_Exercise details_. Extract, exactly as written, each line from the start of the records below to the line containing "925 Sterling Silver", both ends included; drop the pictures.

_Entries provided_.
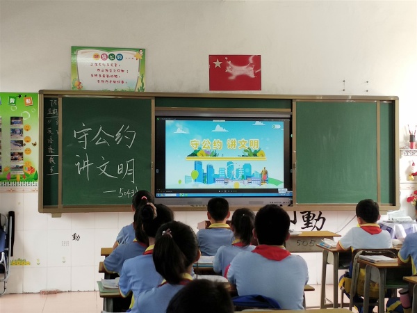 6月,學校利用校門口和操場的LED顯示屏,滾動播放文明公約等宣傳口號,在同學們心中播種文明種子;并在周一早上的升旗儀式,開展國旗下講話活動,對學生進行創(chuàng)文教育。近日,學校還在各班開展了“踐行文明公約,爭做文明小公民”主題班會和觀看宣傳片活動。班主任們結合宣傳片和《市民公約》,對學生進行了思想道德、文明禮儀、科普等方面知識教育,解釋了《市民文明公約》的重要性和意義。
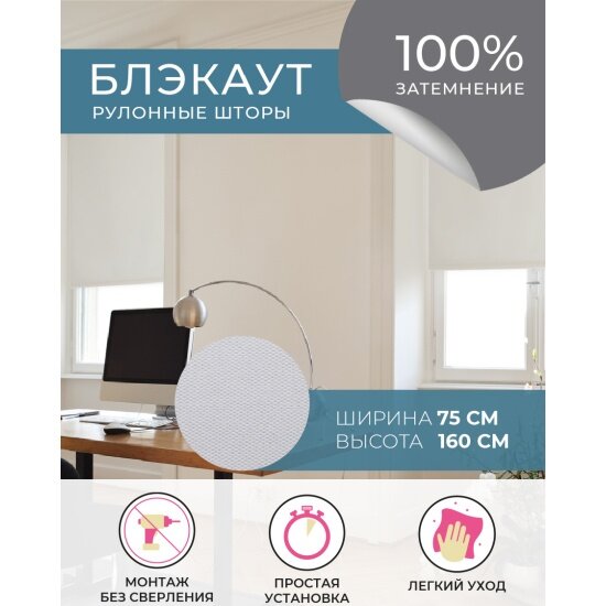 СохранитьРулонные шторы блэкаут Плайн Белый DECOFEST 75 см на 160 см, жалюзи на окна интересное:
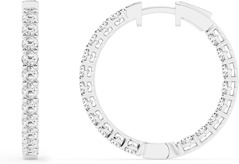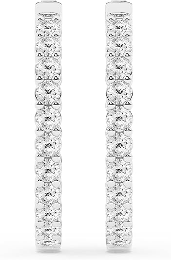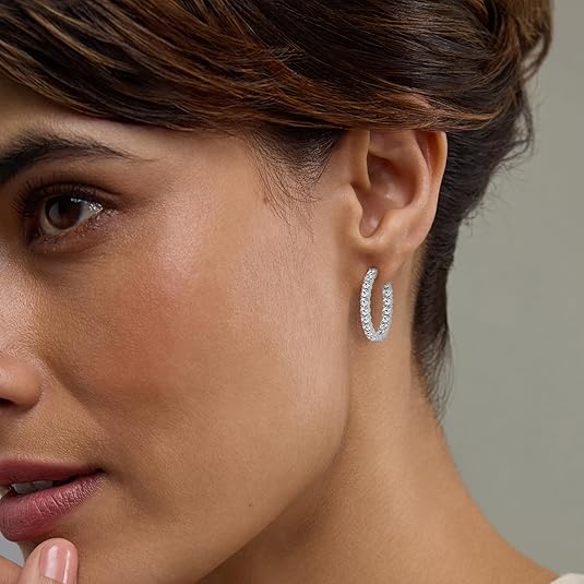 925 Sterling Silver Craftsmanship: Made with premium, nickel-free sterling silver, these hoops are hypoallergenic and safe for the most sensitive ears. The metal is polished to a mirror shine to complement the cool tones of the diamonds.
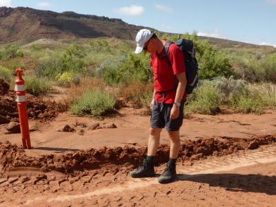 Nachdem wir Dienstag früh befürchtet hatten, den Tag Indoor verbringen zu müssen, waren wir positiv überrascht, als die Wolkendecke aufgerissen ist und die Sonne durchgelassen hat. Da wir nicht sicher waren, ob das so bleibt, haben wir uns ein kleines Erstbesucher-Programm im Arches National Park vorgenommen, bei dem man sich nicht zu weit vom Auto entfernt. Wir haben Arches besucht, bei denen wir seit 1993 nicht mehr waren (sie stehen alle noch). Allerdings schieben sich über diese kurzen Wege richtige Menschenmassen. Daher haben wir uns gefreut zu hören, dass die Zufahrtstrasse zum Parkplatz für den Delicate Arch (das Wahrzeichen Utahs) wegen Überflutung gesperrt war. Dieser Arch ist ein absolutes Highlight und Pflichtprogramm und wir waren schon etliche Male dort. Allerdings konnten wir uns die Gelegenheit, mit nur einer Handvoll Besucher vor Ort zu sein, nicht entgehen lassen. Wir sind also Mittwoch früh von der Hauptstrasse zum Delicate Arch aufgebrochen und konnten zumindest eine kurze Zeit dort mit wenigen Menschen die Ruhe und Aussicht genießen. Nur der Bagger war leider so schnell, dass die Strasse mittags wieder geöffnet wurde: die Ruhe war dahin ....
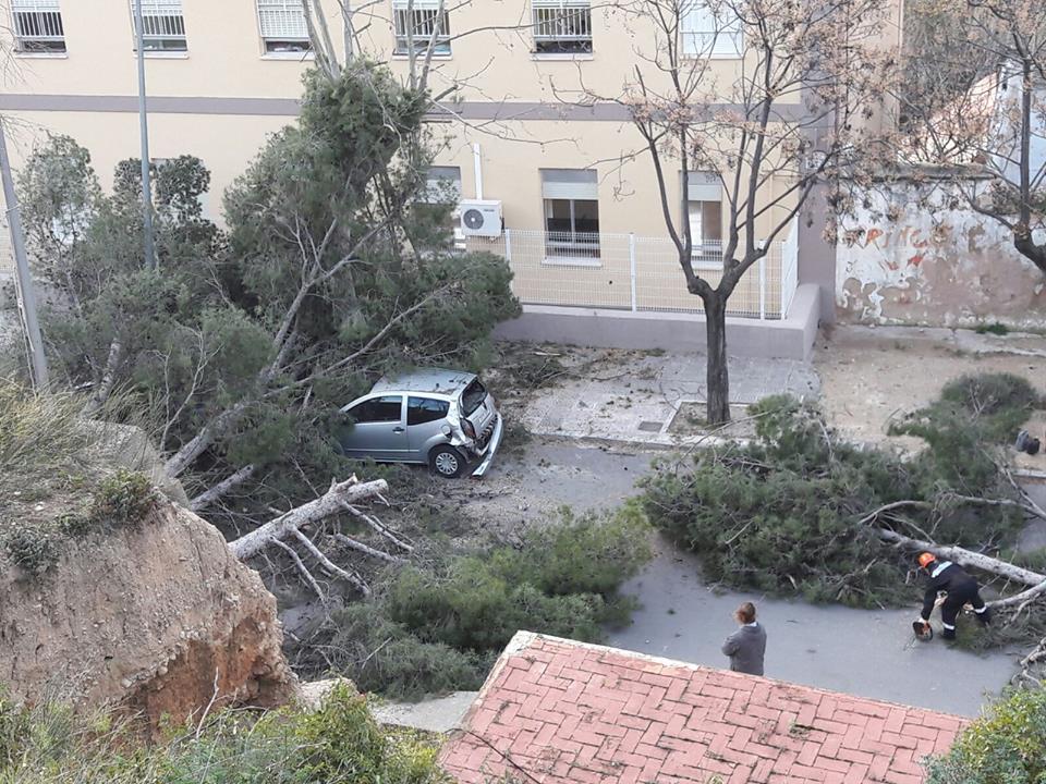 No obstante, antes a las 6:45h, la Calle Ruiz Pons ha tenido que ser cortada por la caída de un pino, que además ha afectado a un vehículo que iba circulando, aunque afortunadamente solo se han registrado daños materiales. Según el Inspector Jefe de la Policía Local, Antonio Zanón, “la vía ha sido cortada durante media hora mientras los Bomberos procedían a la retirada del árbol de la calzada“.
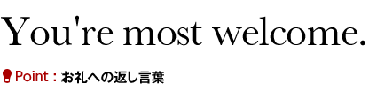 こうした時、相手からの「Thank you.」に対する返し言葉としては「You're welcome.」が学校で習う英語としては一般的ですが、状況によって言葉を使い分けるのがデキるビジネスマンです。
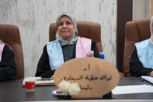 ترأس لجنة المناقشة الأستاذ الدكتور (نوال عطية خلف) وبعضوية كل من الأستاذ (وئام محمد عمر) والمدرس الدكتور (هبة فائز حمودات) وبإشراف وعضوية الأستاذ المساعد (فنار تركي عبد الحميد) والاستاذ المساعد الدكتور (سهاد موفق حمدون) .
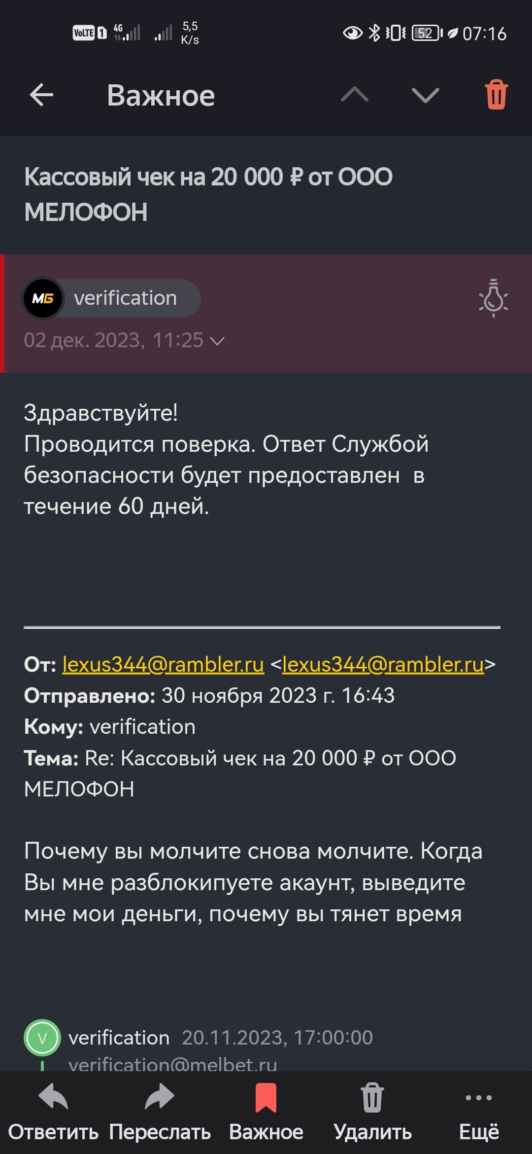 После 5 ставок заблокировали после чего месяц отправляю им документы отвечают спустя день или больше. За этот месяц прошёл все процедуры по итогу 2 Декабря 2023 получил письмо что в течении 60 дней проходит проверка. Итого 90 дней. Прошу помочь.
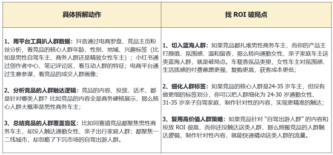 比如复用竞品的 “场景化内容逻辑”,但结合自身的产品卖点,做不同的场景;复用竞品的 “蓝海人群触达逻辑”,但制作更精准的内容。
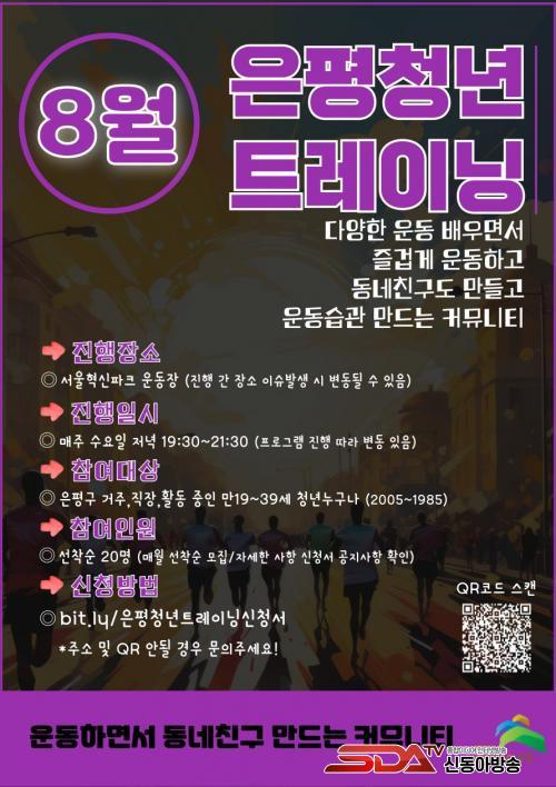 ¸ðÁý ´ë»óÀº ÀºÆò±¸¿¡¼ °ÅÁÖÇϰųª Ȱµ¿ÇÏ´Â 19¼¼ºÎÅÍ 39¼¼±îÁö û³âÀÌ´Ù. ¿À´Â 9¿ù±îÁö ÇÁ·Î±×·¥ÀÌ ¿¸®¸ç, ¸Å¿ù ¸¶Áö¸· ÁÖ ¿ù¿äÀϺÎÅÍ ³»´Þ Âü¿©ÀÚ¸¦ 20¸í¾¿ ¸ðÁýÇÑ´Ù. 8¿ù ÇÁ·Î±×·¥Àº ¿À´Â 29ÀϺÎÅÍ ½Åû¹Þ´Â´Ù.

_Response_.
 6月,學校利用校門口和操場的LED顯示屏,滾動播放文明公約等宣傳口號,在同學們心中播種文明種子;并在周一早上的升旗儀式,開展國旗下講話活動,對學生進行創(chuàng)文教育。近日,學校還在各班開展了“踐行文明公約,爭做文明小公民”主題班會和觀看宣傳片活動。班主任們結合宣傳片和《市民公約》,對學生進行了思想道德、文明禮儀、科普等方面知識教育,解釋了《市民文明公約》的重要性和意義。
 СохранитьРулонные шторы блэкаут Плайн Белый DECOFEST 75 см на 160 см, жалюзи на окна интересное:
 925 Sterling Silver Craftsmanship: Made with premium, nickel-free sterling silver, these hoops are hypoallergenic and safe for the most sensitive ears. The metal is polished to a mirror shine to complement the cool tones of the diamonds.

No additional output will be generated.